═══ DATA IN THIS EXERCISE ═══
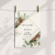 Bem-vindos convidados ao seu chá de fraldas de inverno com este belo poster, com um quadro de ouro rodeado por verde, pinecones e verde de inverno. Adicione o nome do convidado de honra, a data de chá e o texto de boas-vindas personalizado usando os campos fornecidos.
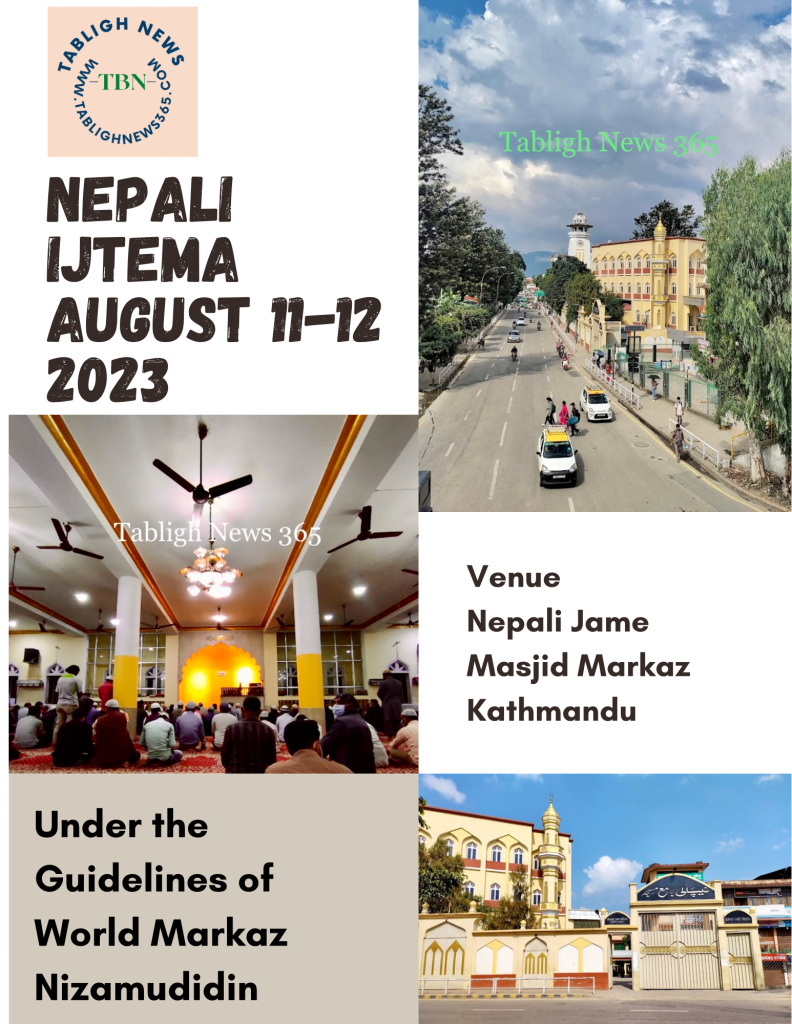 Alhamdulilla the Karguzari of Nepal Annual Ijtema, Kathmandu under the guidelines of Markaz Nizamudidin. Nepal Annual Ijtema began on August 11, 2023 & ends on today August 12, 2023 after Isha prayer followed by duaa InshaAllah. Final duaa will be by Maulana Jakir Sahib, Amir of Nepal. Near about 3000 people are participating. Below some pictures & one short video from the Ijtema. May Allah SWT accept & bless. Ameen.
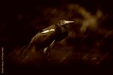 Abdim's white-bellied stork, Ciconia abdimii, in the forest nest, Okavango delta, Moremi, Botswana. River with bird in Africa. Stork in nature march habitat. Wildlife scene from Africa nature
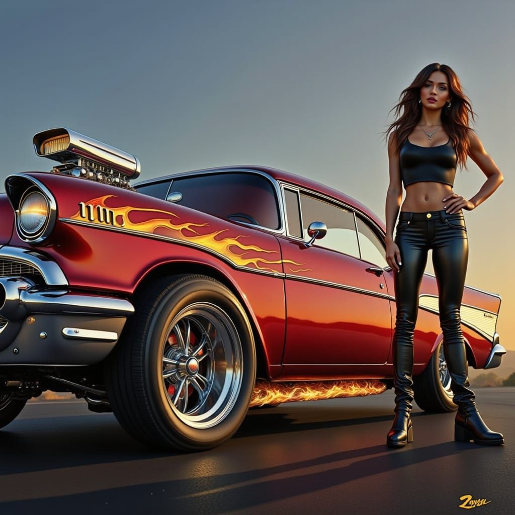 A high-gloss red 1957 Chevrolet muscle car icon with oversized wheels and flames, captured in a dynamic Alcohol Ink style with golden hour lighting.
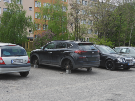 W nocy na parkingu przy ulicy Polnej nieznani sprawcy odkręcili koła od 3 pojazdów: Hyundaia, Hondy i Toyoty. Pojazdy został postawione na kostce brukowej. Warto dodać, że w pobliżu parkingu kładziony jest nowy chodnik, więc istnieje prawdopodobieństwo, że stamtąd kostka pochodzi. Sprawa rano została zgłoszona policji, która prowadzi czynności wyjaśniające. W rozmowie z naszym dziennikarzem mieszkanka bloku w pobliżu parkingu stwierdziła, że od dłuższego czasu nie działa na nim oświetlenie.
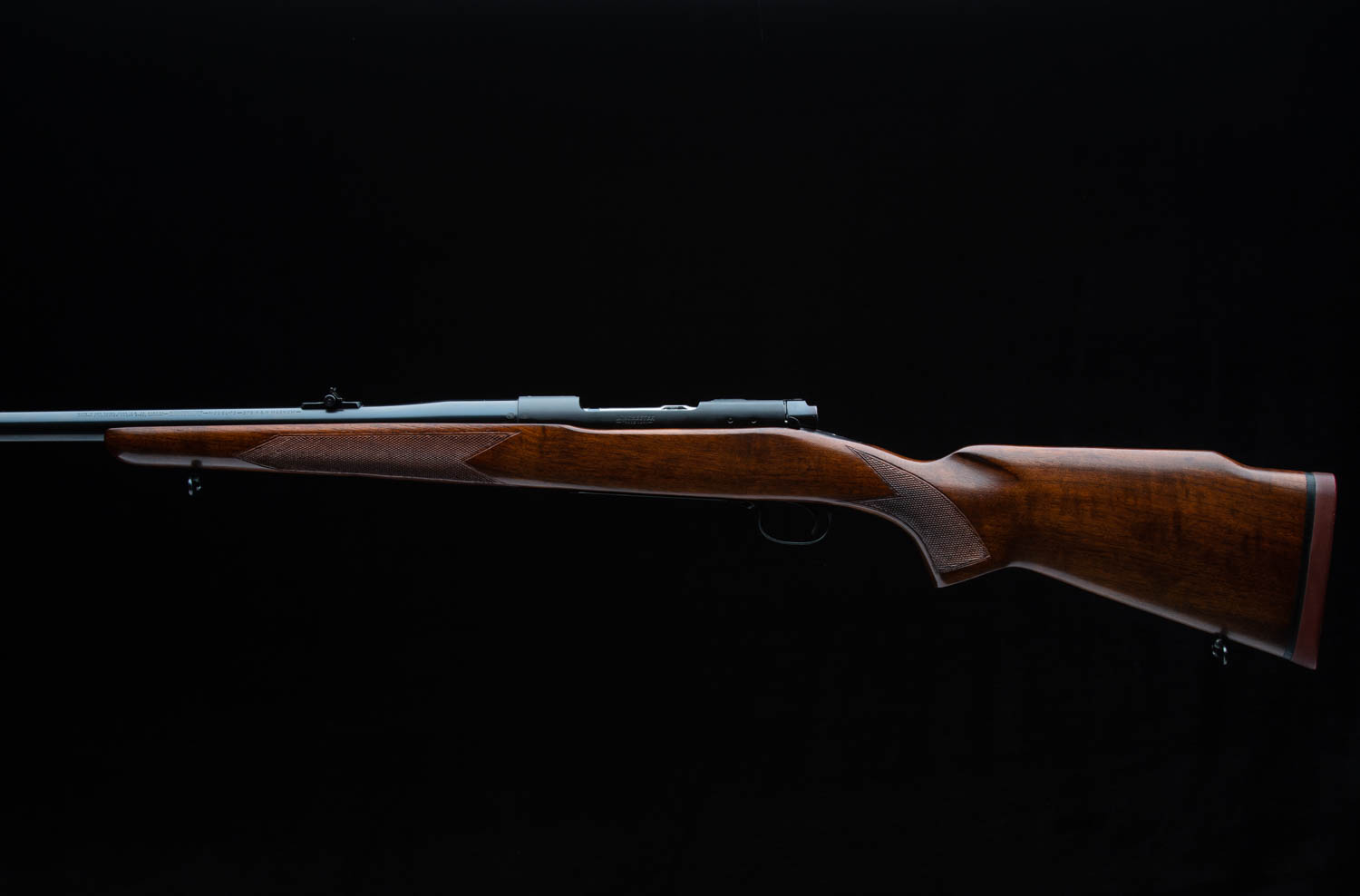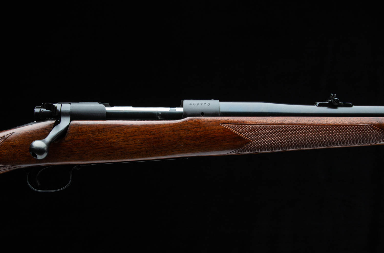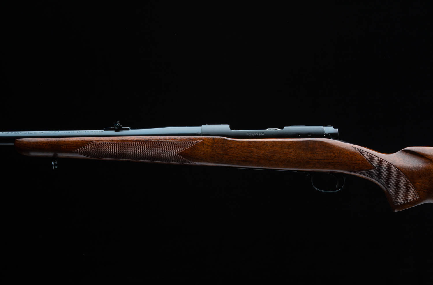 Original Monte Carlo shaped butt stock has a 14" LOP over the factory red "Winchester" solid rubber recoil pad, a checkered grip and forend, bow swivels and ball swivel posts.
═══
▶ _YOUR OBJECTIVE_
An exact copy of the lines above from the one with "Alhamdulilla the Karguzari" up to and including the one with "Abdim's white-bellied stork, Ciconia" is required; reproduce only those lines, omitting all pictures.

▶ _SOLUTION TO THE PROBLEM_
 Alhamdulilla the Karguzari of Nepal Annual Ijtema, Kathmandu under the guidelines of Markaz Nizamudidin. Nepal Annual Ijtema began on August 11, 2023 & ends on today August 12, 2023 after Isha prayer followed by duaa InshaAllah. Final duaa will be by Maulana Jakir Sahib, Amir of Nepal. Near about 3000 people are participating. Below some pictures & one short video from the Ijtema. May Allah SWT accept & bless. Ameen.
 Abdim's white-bellied stork, Ciconia abdimii, in the forest nest, Okavango delta, Moremi, Botswana. River with bird in Africa. Stork in nature march habitat. Wildlife scene from Africa nature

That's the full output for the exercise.